Poi ti trovi in questi festini,
dove ognuno pretende che
la penna sua, sia migliore dell’altra.
E come è vero. C’è troppa competizione tra autori. Non c’è l’alleanza degli intellettuali che potrebbero cambiare il mondo, se solo, come si auspicava Cattaneo, si associassero le menti. Non ci sono scuole o correnti dominanti che riescano a dare un senso vero alle cose, persi tra le onde della società liquida dove è difficile anche interpretare. Nietzsche: - I fatti sono stupidi senza l’interprete! Il letterato da sempre si è fatto carico di questa funzione interpretante ed orientante. Oggi non più!
Ma certo! Ridi!
Non come molti,
con le labbra strette,
intimorite che un raglio fugga;
ma con lo sboccio pieno
di tutta l’ilarità.
Ci ricorda il leopardiano: Godi, fanciullo mio; stato soave…: è uno schietto invito al carpe diem, in una vita che fugge, spesso amara, dominata dallo schopenhaueriano pendolo tra dolore e noia. Nella letteratura di Miriam ci sono tutti: il rumeno, l’acchiappasogni, la matrioska, l’emigrante. Come scrive ella: «Alla fine è sempre e solo una la parola che ci lega: umanità. Siamo tutti umani, ognuno con le nostre differenze a farci unici e speciali». È l’ideale del Nihil Umanum… Non esistono i superuomini, ma esistono senz’altro i sottuomini: a loro dobbiamo rapportarci per capire l’umanità. Anche Nietzsche alla fine l’aveva capito. Siamo tutti inetti, inutili, limitati, provvisori.
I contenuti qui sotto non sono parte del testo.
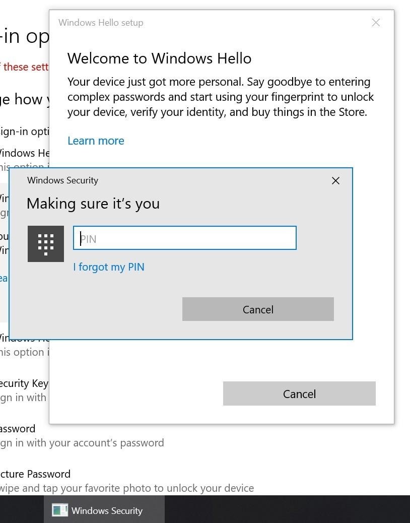 3. 跳出【Windows Hello設置】視窗,在【Windows 安全性】輸入PIN碼。
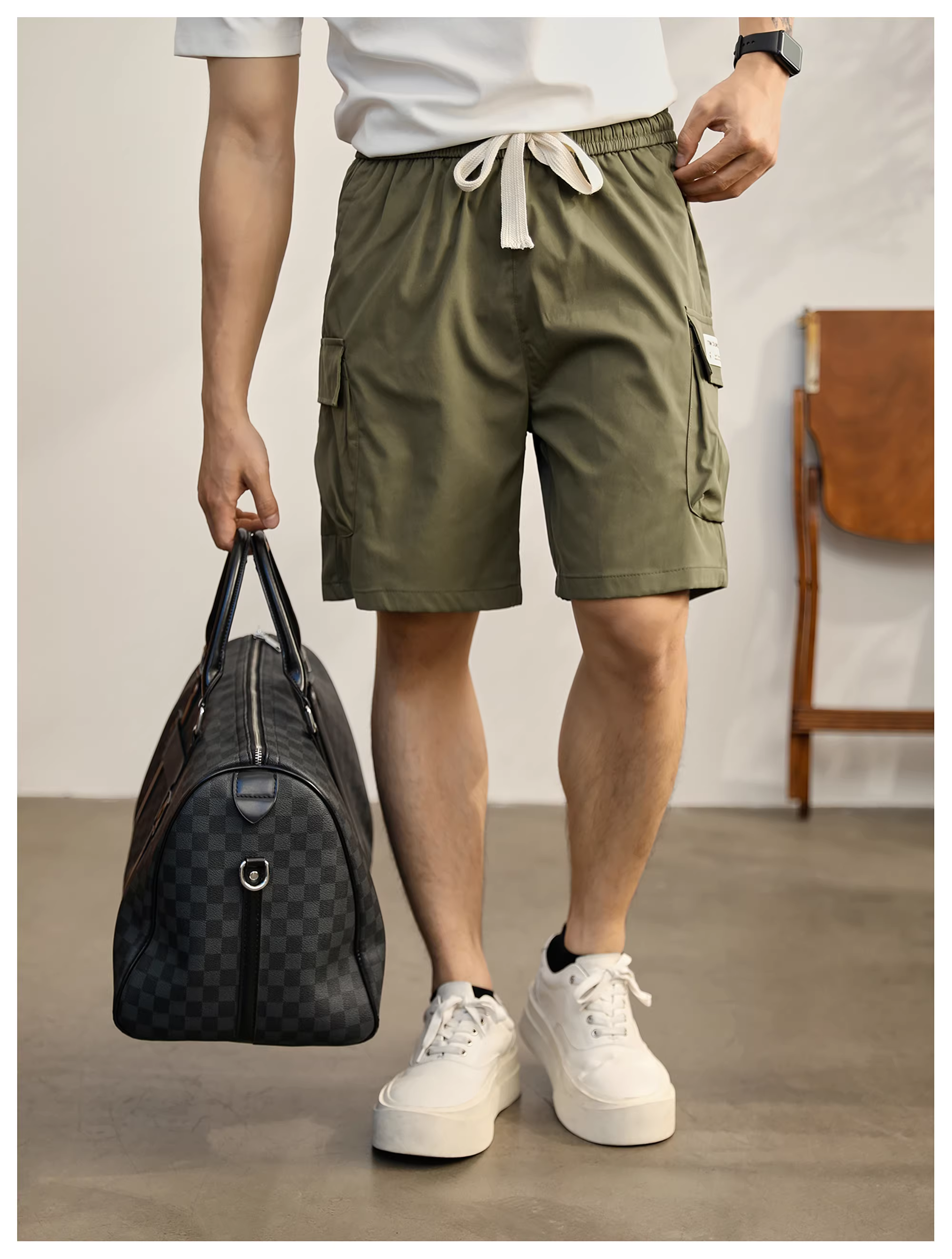 - Quần short đa năng hợp thời trang mùa hè dành cho nam LUUD có túi vá và thiết kế túi lớn, quần short lưng thun thông thường
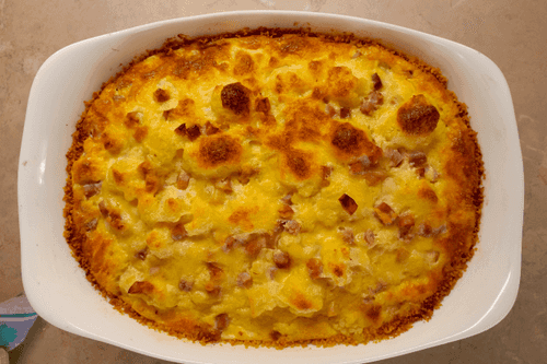 Запеканка из цветной капусты с ветчиной — нежное и ароматное блюдо французской кухни, олицетворяющее изысканный вкус и простоту приготовления. Легкие сливочные нотки, соединенные с мягкостью цветной капусты и пикантностью ветчины, создают гармонию, которая радует гурманов. Запеканка идеально подходит как самостоятельное блюдо, так и как дополнение к мясным угощениям. Ее насыщенный вкус раскрывается благодаря мускатному ореху и белому перцу, а расплавленный эмменталь придает ей аппетитную корочку. Блюдо удачно сочетает нежность овощей с насыщенностью сливочного соуса, делая его популярным на семейных ужинах и праздничных застольях. Французские кулинары часто используют этот рецепт как основу для других вариаций, добавляя различные сыры и мясные ингредиенты, что делает запеканку универсальной и любимой во всем мире.
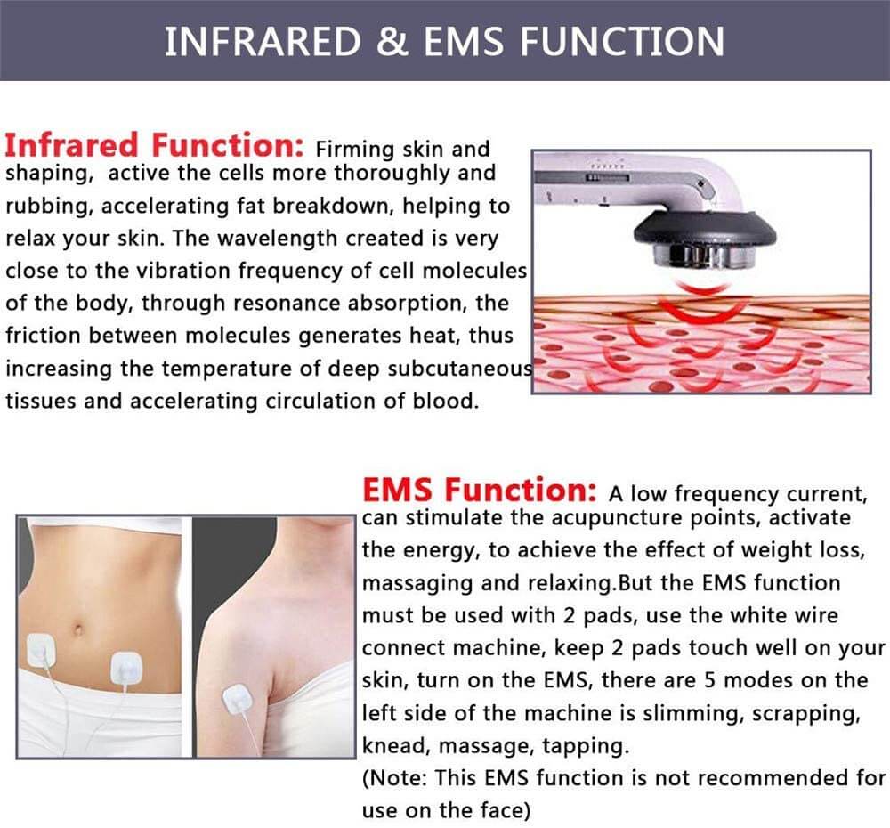 - Funksjoner: Slanking av kropp, armer og ben; hudstramming; lymfatisk drenering; avgiftning.

Questa antologia è una sintesi perfetta della vita di Miriam, della sua letteratura, sempre attenta e sensibile ai bisogni dell’altro, soprattutto degli ultimi. Le condizioni più deplorevoli dell’umanità ci rivelano il vero senso dell’uomo. Non lo vediamo nella ricchezza, nei miti sempre antichi e sempre nuovi del successo, dell’eroismo, che oggi si rivela nei telematismi, negli ultraversi e metaversi, nelle vite parallele vissute sul portale di un cellulare o di un computer, o sulle lenti di occhiali tridimensionali. Rischiamo di non vedere più il mondo così com’è, di eludere ed anestetizzare il dolore e la morte nell’eutanasia vivente. La morte è vera essenza della vita, come diceva Heidegger (l’essere per la morte!) e come ci ammoniva Sant’Alfonso nel suo “Apparecchio”.